PostPosted: Sun Aug 14, 2016 4:05 pm    Post subject: Big Bear's South Shore Trails and Peaks  Reply with quote

Dima and I spent yesterday exploring the forest south of Big Bear Lake.



We left my house a little after 4am and pulled into the Aspen Glen picnic area around 6:30am. We got our stuff together and started up the Pine Knot Trail.



This trail is popular with mountain bikers and is very well maintained. It gently led us upward through a beautiful and tranquil pine forest for 3.25 miles, climbing 900' to Grandview Point.





The view sent our gaze across the expansive Santa Ana River Valley, to the 10k peaks of the San Gorgonio Wilderness. We took a break in some shade and debated whether the view was truly grand. Then we headed off westward along the Skyline Trail to boulder-topped Peak 7949.



This apparently nameless bump has a nice view looking back on Big Bear Lake.



Our next stop was Clarks Summit. Judging by the pictures I took, the most interesting aspect of Clarks was Dima climbing this rock.



A close runner-up are these trail stickers.
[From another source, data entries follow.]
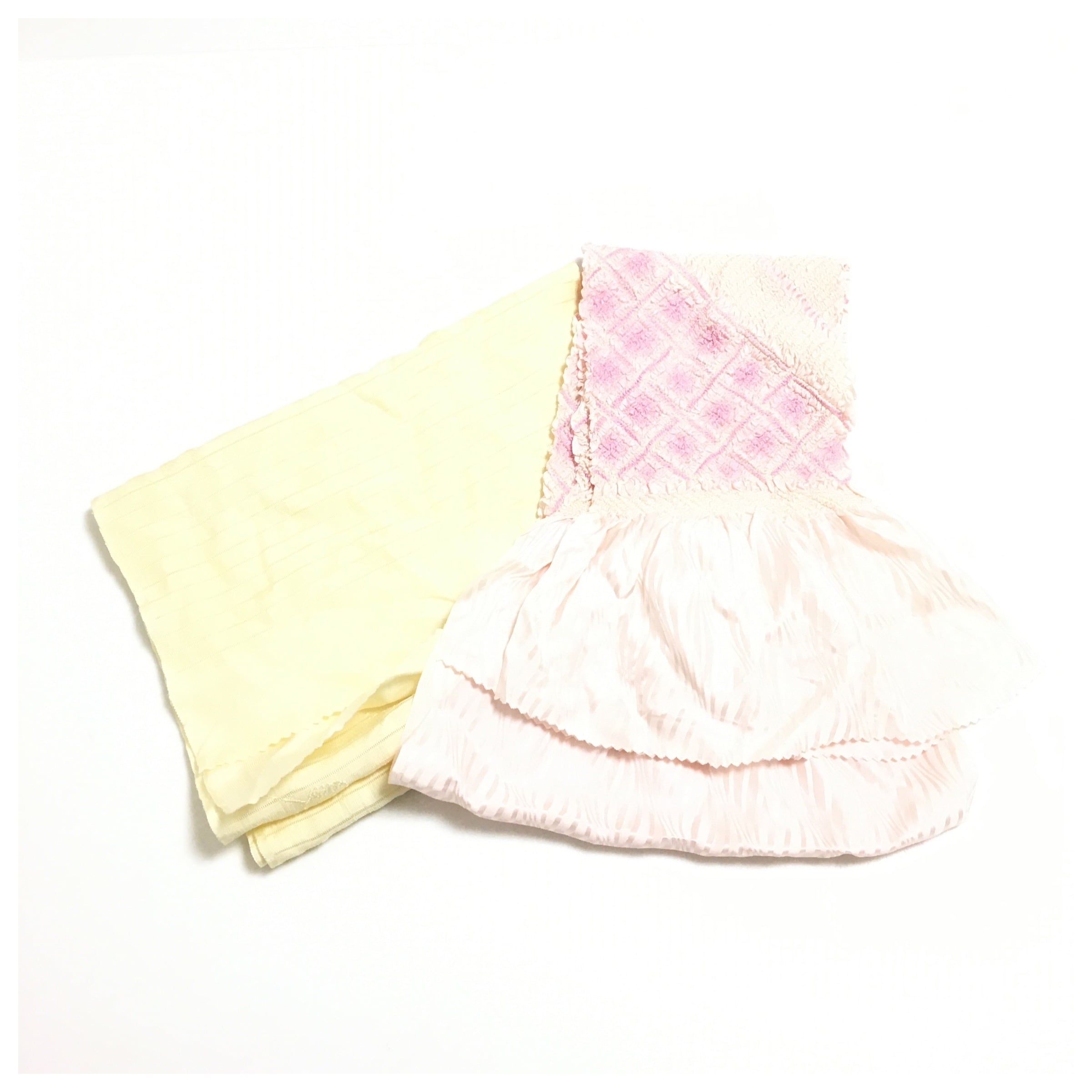 彩り2点セット 正絹 帯揚げ 夏物 絽 黄色 & 絞り ピンク 和装小物 リサイクル
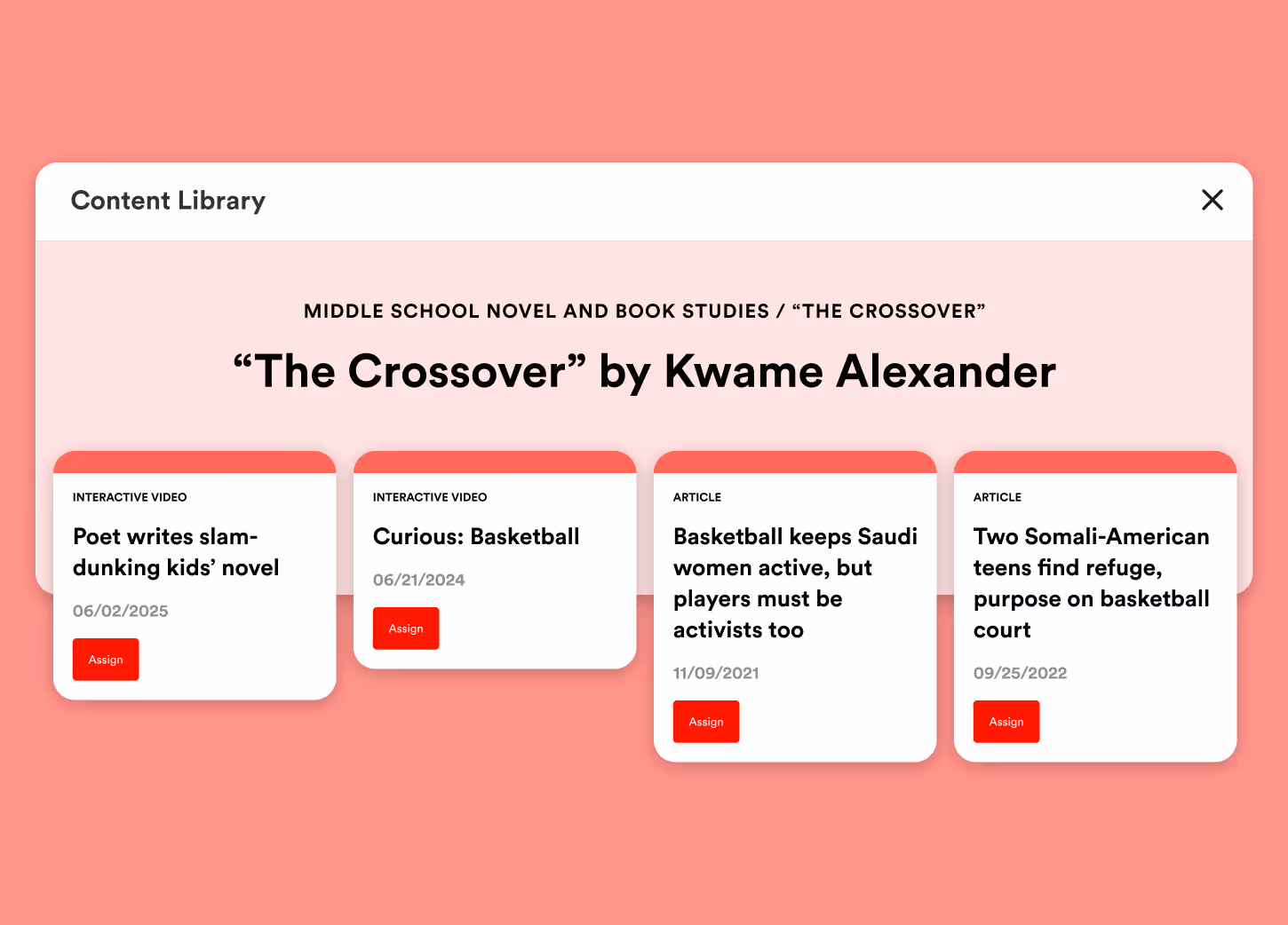 Our content library of over 18,000 pieces of content cover a range of curricular topics and student interests and include collections dedicated to helping students build background knowledge on any topic, book, or theme covered in class.
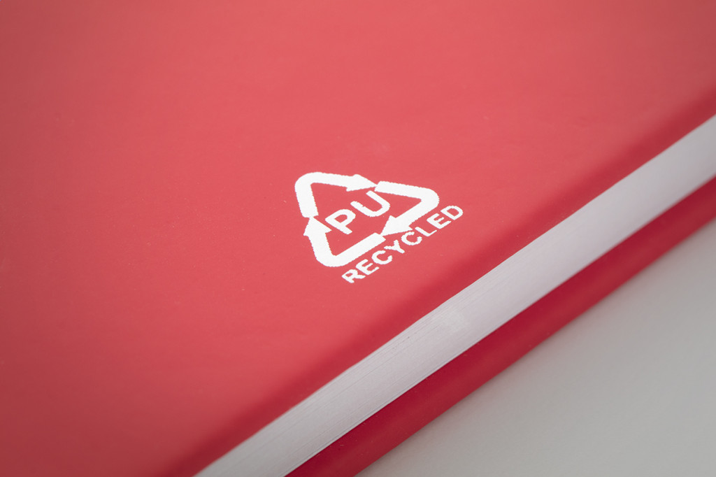 Újrahasznosított PU bőr borítású jegyzetfüzet 100 vonalas lappal, újrahasznosított papírból. Megegyező színű könyvjelzővel és gumiszalaggal. A6 méretű.
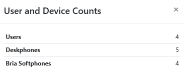 By clicking this button you will be able to see the number of Active Users, Number of Desk phones provisioned and Number of Bria Softphone Licenses Provisioned. Note this is not the actual count of users that are currently registered or online, but rather shows the number of licenses you have.
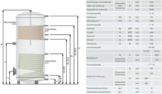- Anschlüsse: 2 Muffen für Elektroheizeinsatz mit 1 1/2 Zoll IG

During another break in the cool shade, we agreed to pursue Peak 8015' next, via the Bellyache Springs trail.



The springs were dry, but plenty of green ferns marked the location.



Here we said farewell to the trail (which continued on to who knows where) and scrambled a quarter-mile upslope to the peak. Naturally we selected a route with some thick bushes.



The summit contained a narrow class 3 block which provided some bonus fun.



Finally I was feeling some fatigue. It was 12pm. So we ate lunch before starting up again.

The next goal was Lookout Point (7920'), even further west about 1.3 miles from Peak 8015'. We dropped down from the summit and began swinging around the headwall of Deer Creek. Many trees and stumps had been marked with blue paint in this logging area.



We mostly followed rough logging roads to a junction with the Lookout Point Road. Then it was a short scramble to the Point.



Now this was a pretty grand view, enabling us to look fifty miles southwestward to Saddleback.



Next we took the Lookout Point Road north to the Lodgepole Trail, which is named for a popular landmark, the 400-year old Champion Lodgepole Pine.





The tree sits at the heart of a central trail junction along Siberia Creek. A large trunk had been shaped into a chair.



While Dima enjoyed his mighty throne, I snapped pictures of less significant objects.





We then switched over to the Siberia Creek Trail and followed it westward.



The muddy, trailside creekbed still held a few small pools. A spring at 7550' flowed weakly across the path. We were aiming for a ridge that would direct us to Bluff Benchmark (7694'). At 0.7 miles from the Champion Lodgepole, a yellow, triangular post marked the ridge.



We then followed cairns upward through the rocks and trees.



It was a little difficult to distinguish false bumps from the one we wanted. But Dima had GPS tracking on his phone, and when we got close to the spot, we started looking around. With some luck, I noticed a reference mark on a boulder at eye-level. It pointed us to the correct outcropping.





Interestingly, the cairns did not appear to be for the benchmark, as they continued on past the site.

Done with the benchmark, we backtracked to the Champion Lodgepole and checked out nearby Bluff Lake.



Several people were wandering around the lake trails. A little girl showed Dima a frog she had caught. I filled up a bottle with the green, pond scum water. A couple asked if was going to drink it, and I explained that it was only a backup and that I would treat it first. Thankfully, though, during the five-mile fire road return to the car, we found much better water in Metcalf Creek, and I was not forced to consume the green slime.

I was, however, compelled to consume large quantities of pizza and chicken wings once we cruised into the village after finishing our 17-mile adventure.